Fight Chicken Millet In The Garden: How To Do It Successfully

Hühnerhirse

Chicken millet is a dreaded weed not only in corn and rice cultivation. In this article you will learn how to get rid of the weed in your garden and how to use the plant.

Chicken millet is widespread in the garden because it spreads very quickly. Over time, the weed can crowd out your lawn or take away light and nutrients from your vegetables. Here’s everything you need to know about chicken millet, how to control it and whether you can use the unpopular weed in the kitchen.

What you should know about chicken millet

Hühnerhirse wächst als Lichtkeimer auch gerne in Ritzen

Chicken millet is the most common weed in corn cultivation in our latitudes. However, it also occurs worldwide, for example in rice cultivation. The invasive weed can significantly reduce crop yields. In organic farming, it is controlled by mechanical measures such as hoeing.

Chicken millet is an annual, herbaceous plant. Several stiff culms extend relatively horizontally from an often strongly branched base – in the older plant, they may also stand at an angle.

The flowering period of the chicken millet is from July to September. The seeds ripen from October into the fall and disperse with the wind. The grass dies with the first frosts, but the seeds remain germinable in the soil for up to five years.

Seeds collect especially easily in crevices of flagstones and borders – where the light germinator is often seen. Chicken millet has strong roots and can even contribute to damage in asphalt.

Control chicken millet in lawns and beds

Bekämpfe das Unkraut am besten durch Jäten.

Chicken millet is an annual plant and dies in winter. But each individual inflorescence bears countless seeds. Since the seeds are dispersed over a very large area by the wind, the weed spreads invasively quickly.

Therefore, be sure to remove all chicken millet plants in the garden no later than the end of August to prevent them from forming mature seeds. In the vegetable garden and lawn, you should dig up any chicken millet. Since the plant grows horizontally in the lawn, you can do little harm to it by mowing the lawn.

Achte darauf dass du die Hühnerhirse mit der Wurzel gemeinsam ausreißt.
Make sure that you pull out the chicken millet together with the root.

Chicken millet is an annual plant and dies in winter. But each individual inflorescence bears countless seeds. Since the seeds are dispersed over a very large area by the wind, the weed spreads invasively quickly.

Therefore, be sure to remove all chicken millet plants in the garden no later than the end of August to prevent them from forming mature seeds. In the vegetable garden and lawn, you should dig up any chicken millet. Since the plant grows lying down in the lawn, you can do little harm to it by mowing the lawn.

You can most easily dig up the weeds when the soil is slightly moist and loose. Use a narrow planting shovel to weed the weeds:

Stab the shovel deep into the soil about an inch beside the chicken millet.
Loosen the soil around the plant.
Remove the chicken millet with the whole root.

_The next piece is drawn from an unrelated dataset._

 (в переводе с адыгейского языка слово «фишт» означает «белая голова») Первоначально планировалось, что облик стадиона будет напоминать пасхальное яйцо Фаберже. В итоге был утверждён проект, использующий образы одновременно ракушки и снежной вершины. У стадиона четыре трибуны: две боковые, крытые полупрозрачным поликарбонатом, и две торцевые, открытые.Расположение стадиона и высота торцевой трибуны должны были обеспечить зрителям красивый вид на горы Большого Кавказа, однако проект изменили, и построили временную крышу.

Note: You should not put the dug up plant parts into the garden compost. Already mature seeds could survive composting and germinate next year.

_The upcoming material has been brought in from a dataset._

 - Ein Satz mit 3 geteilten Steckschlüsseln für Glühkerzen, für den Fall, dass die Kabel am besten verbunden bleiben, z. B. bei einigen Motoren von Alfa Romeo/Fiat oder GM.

Remove chicken millet from gaps, cracks and from boundary stones.


In cracks and small spaces, chicken millet usually cannot be removed along with the root. Therefore, cut chicken millet close to the ground with pruning shears or a knife. Repeat the process regularly to prevent the weed plant from forming seed heads. Since chicken millet is an annual plant, it will die in winter and will not sprout again the next year.

As bird food:

If you keep birds, you can give them semi-ripe and ripe seed heads as a treat. Budgies in particular love to eat the weed. However, chicken millet is not used as a commercial feed plant.

In the kitchen:

Chicken millet is not used for cooking today. However, the plant and seeds are basically edible for humans. In wartime, the plant served as a substitute for grain millet.

You can make the green parts of the plant into smoothies, similar to wheatgrass juice made from wheatgrass.
Bake semi-ripe and ripe seeds into bread or sprinkle them over cereals and salads.
Chicken millet and other millet species

Chicken millet is a species of wild millet. Millet” is the name given to small-fruited spelt cereals, and there are a total of ten to twelve genera. Among them is the Japan millet, which was bred in Japan from the chicken millet. In the trade you can find more developed cultivated forms of the wild millet varieties, which offer more yield, for example the golden millet, brown millet, sorghum and teff.

Note: If you are allergic to grass pollen, eating millet and sorghum may cause allergic reactions.